The pronoun has always been capitalized in the English language for more than 700 years.
     Thread Starter
 

12-3-2017 04:14:00  #17


Re: Elitist Woes

Uwe wrote:

Michael might know better, but I was under the impression that the larger manufacturers produced their own primary slugs - for example, elite and pica - and relied on typeface manufacturers to supply ancillary typefaces. Smaller manufacturers - such as Empire - were exclusively fitted with outsourced slugs. 

In the case of Tytell swapping out slug sets, you have to keep in mind that during the heyday of typewriter manufacturing that you could simply order complete slug sets that were specifically made to fit the make/model of machine you were working on.

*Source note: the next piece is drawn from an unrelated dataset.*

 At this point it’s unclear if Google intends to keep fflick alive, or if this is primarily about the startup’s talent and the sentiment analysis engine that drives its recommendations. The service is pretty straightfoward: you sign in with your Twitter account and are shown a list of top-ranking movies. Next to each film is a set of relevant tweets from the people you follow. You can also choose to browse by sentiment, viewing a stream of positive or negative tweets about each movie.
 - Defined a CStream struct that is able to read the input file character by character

I don't know anything about the man, but I'd be surprised if the swapping you mentioned had anything to do with taking from one machine and installing in another.

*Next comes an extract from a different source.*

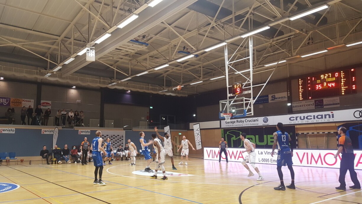 D’Lokalekipp war vun Ufank u gutt ënnerwee a konnt an enger eesäiteger Partie den 1. Véierel mat 26:15 fir sech entscheeden. Och am 2. Véierel (28:14) huet d’Kierpersprooch gestëmmt an et ass virun allem aus enger zolitter Defense eraus no vir gespillt ginn: 54:29 no den zweeten 10 Minutten.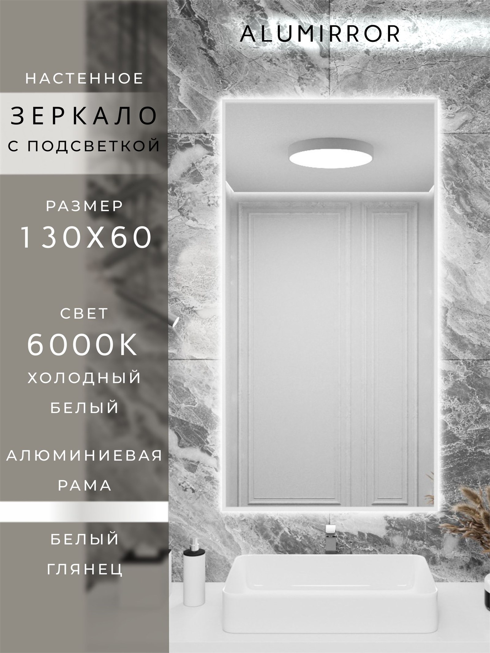 Зеркало в ванную 130х60 см с подсветкой. Свет: Холодный белый 6000К. В алюминиевой раме настенное ALUMIRROR

I know that one of the largest German typeface manufacturers was already maintaining an inventory of several million type slugs by the late '20s, which consisted of 60,000 different character combinations from over 360 typefaces and languages. Someone who wanted to change the typeface for a particular Remington standard, for example, merely had to place an order for the desired typeface from such a company and then get to work with their iron.
.

Mr Tytell was profiled in a 1997 article in The Atlantic about one of New York's last remaining typewriter repairman. He had an interesting career and experiences in typewriter repair.  Some of what it tells is inline with what you wrote. Some of his accomplishments included swapping alphabets to foreign characters or foreign machines to English. Typewriters were in short supply during the war effort and as they say "adapt and improvise".
https://www.theatlantic.com/magazine/archive/1997/11/typewriter-man/376988/
 

 

12-3-2017 21:23:41  #18


Re: Elitist Woes

Thanks for the link, I'll have to read the article some time soon and am sure that I'll enjoy it. However, I don't think that swapping type slugs and keys (or key indexes) counts as an accomplishment unless there was some sort of complex modifications being made as part of the process. Soldering type slugs or replacing/swapping type bars is a pretty standard skill for a typewriter technician.

Oh, and good job on using the quote feature.  Just like the rest of the text in your post, you can edit that quoted text too if you want to shorten it to just one sentence if need be, but you have to be careful not to touch the quote tags in the process.


The pronoun has always been capitalized in the English language for more than 700 years.
     Thread Starter
 

12-3-2017 22:15:07  #19


Re: Elitist Woes

Uwe wrote:

 but you have to be careful not to touch the quote tags in the process.

This is a great site with cool stuff and a good knowledge base.  The only difficulties for me were posting/linking photos and quoting.  It is much more involved than the other sites I participate in.  But it's free of ads and fees, and it doesn't consume bandwidth on my computer so I won't mind the learning curve.